Metformin causes iron mortality in MDA-MB-231 cells via increasing the expression of miR-324-3p. Overexpression of miR-324-3p leads to the inhibition of cancer cell growth activity, while its inhibition promotes cell growth activity. The regulatory action of miR-324-3p involves direct targeting of glutathione peroxidase 4 (GPX4) via binding to the 3'-UTR region of GPX4, resulting in the downregulation of GPX4 expression[62]. MiR-324-3p may exert its regulatory role through multiple pathways, including iron death and AICD. LINC00963 works by blocking the inhibitory activity of miR-324-3p on activated Cdc42-associated kinase 1 (ACK1) expression. Clinically, miR-324-3p has a negative correlation with LINC00963 expression in breast cancer tissues. The inhibitory effect of miR-324-3p on the growth and radiosensitivity of breast cancer cells can be reduced by overexpressing LINC00963 or ACK1[63].
Additionally, in the tissues and cells of triple-negative breast cancer, small nucleolar RNA host gene 22 (SNHG22) is abundantly expressed. Triple-negative breast cancer cells are prevented from proliferating, migrating, and invading when SNHG22 is silenced. Furthermore, SNHG22 acts as a sponge for miR-324-3p, lowering its expression in triple-negative breast cancer cells. However, miR-324-3p upregulation suppresses the proliferation and migration of triple-negative breast cancer cells[64]. Notably, miR-324-3p inhibition, or suppressor of defective silencing 3 overexpression can reverse the anticancer effect of SNHG22 silencing on the malignant phenotype of triple-negative breast cancer cells.
The CIBERSORT algorithm was used to quantify immune infiltration, and there was a substantial association between immune-infiltrating populations and risk scores in distinct breast cancer subtypes. B cells, CD4+ T cells, CD8+ T cells, endothelial cells, and macrophages exhibited an inverse association with risk scores across all breast cancer subtypes. Moreover, the HER2-enriched subtype showed a negative correlation with risk scores. These findings suggest a potential protective effect or involvement of these immune cell populations in the immune response, leading to a reduced risk and improved prognosis in breast cancer patients. Conversely, in the HER2-positive, PR-positive, luminal A, and normal-like classifications, there was a positive correlation with the infiltration of NK cells. This shows that NK cells may have a role in or contribute to the disease genesis and progression, significantly impacting patient outcomes. Furthermore, macrophages showed a positive correlation with the expression of P2X4, PNAX1, CASP7, and CCND2. This association may indicate a potential link between macrophage infiltration and the activation of specific genes associated with breast cancer.
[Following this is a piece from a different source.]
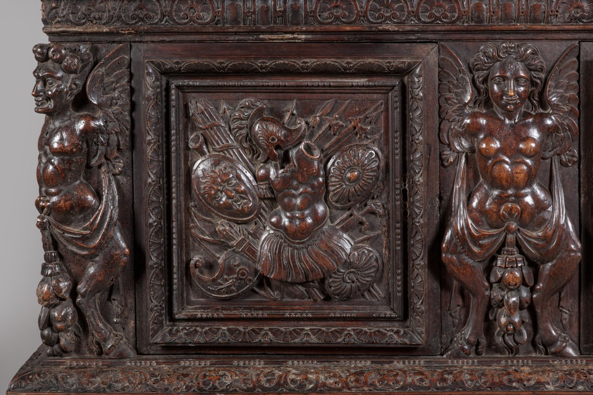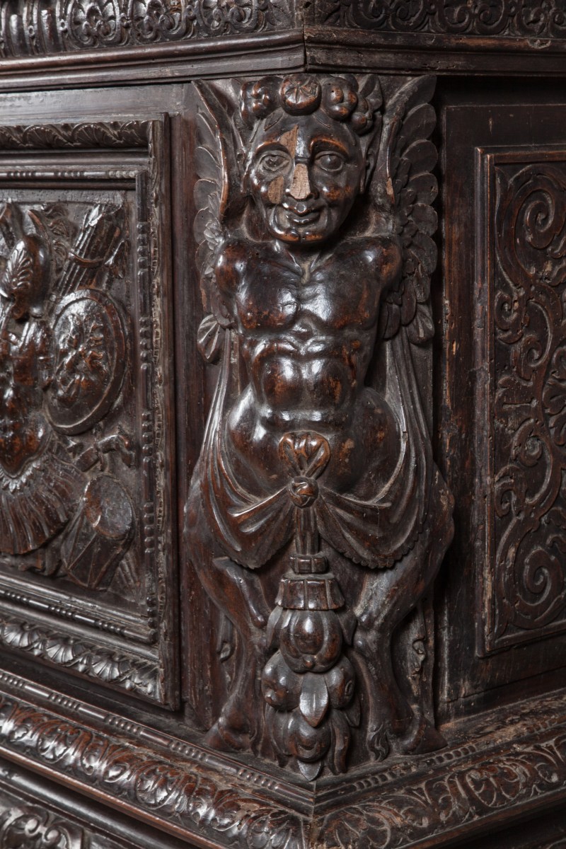 DRESSOIR AUX CHIMÈRES. Meuble deux corps en noyer au décor sculpté de panneaux, en partie inférieure en retrait - à motifs d'oves et godrons. Il ouvre à deux vantaux en corps supérieur sculptés de trophées: cuirasses, boucliers, faisceaux, lances, drapeaux, heaumes et glaives. Figure centrale entre les portes de personnage ailé semi accroupi. Montants fantasmagoriques et supports exceptionnels de faunes, chimères et harpies.

NK cells are critical components of the anti-tumor surveillance system, and in animal models, they serve a significant part in suppressing tumor growth and metastasis. The reduction in natural killing activity has been positively associated with the extent of tumor dissemination[65]. This bears substantial relevance in the context of tumors, as transformation events may lead to the downregulation of auto ligands and stress-induced ligands that are recognized by NK cells. Additionally, NK cell activation results in the secretion of stimulatory cytokines, which participate in cancer elimination through various direct mechanisms and by stimulating the adaptive immune system[65]. The Janus kinase (JAK)/signal transducer and activator of transcription pathway remains active during metastasis; therefore, the impact of JAK inhibitors on NK cells and the potential value of immunostimulants to enhance weakened tumor immune surveillance merit consideration in the clinical management of breast cancer[66].
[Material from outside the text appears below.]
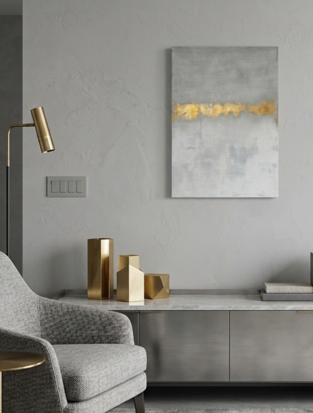 Transform your living space with this original, one-of-a-kind textured painting. Handcrafted on premium Italian canvas (50×70 cm), this artwork blends deep grey tones with airy white textures and gold leaf accents.

Macrophages exhibit distinct activation states and functions, and can be categorized into M1 type (classically activated macrophages) and M2 type (alternatively activated macrophages). TAMs bear similarities to M2 macrophages. Clinicopathological studies have demonstrated that TAMs are associated with a poor clinical prognosis in tumors. In the context of human breast cancer, a high density of TAMs is linked to an unfavorable prognosis. Extensive research has revealed the role of TAMs in breast cancer progression. This encompasses the capacity of TAMs to induce angiogenesis, promote invasion through remodeling the tumor extracellular matrix, mimic breast cancer cells to evade the host immune system, and recruit immunosuppressive white blood cells to the tumor microenvironment. In breast cancer, TAMs can also enhance cancer cell invasion and suppress the anti-tumor function of tumor-suppressing T cells. This leads to a compromised anti-tumor immune response and subsequently impacts patient prognosis[67].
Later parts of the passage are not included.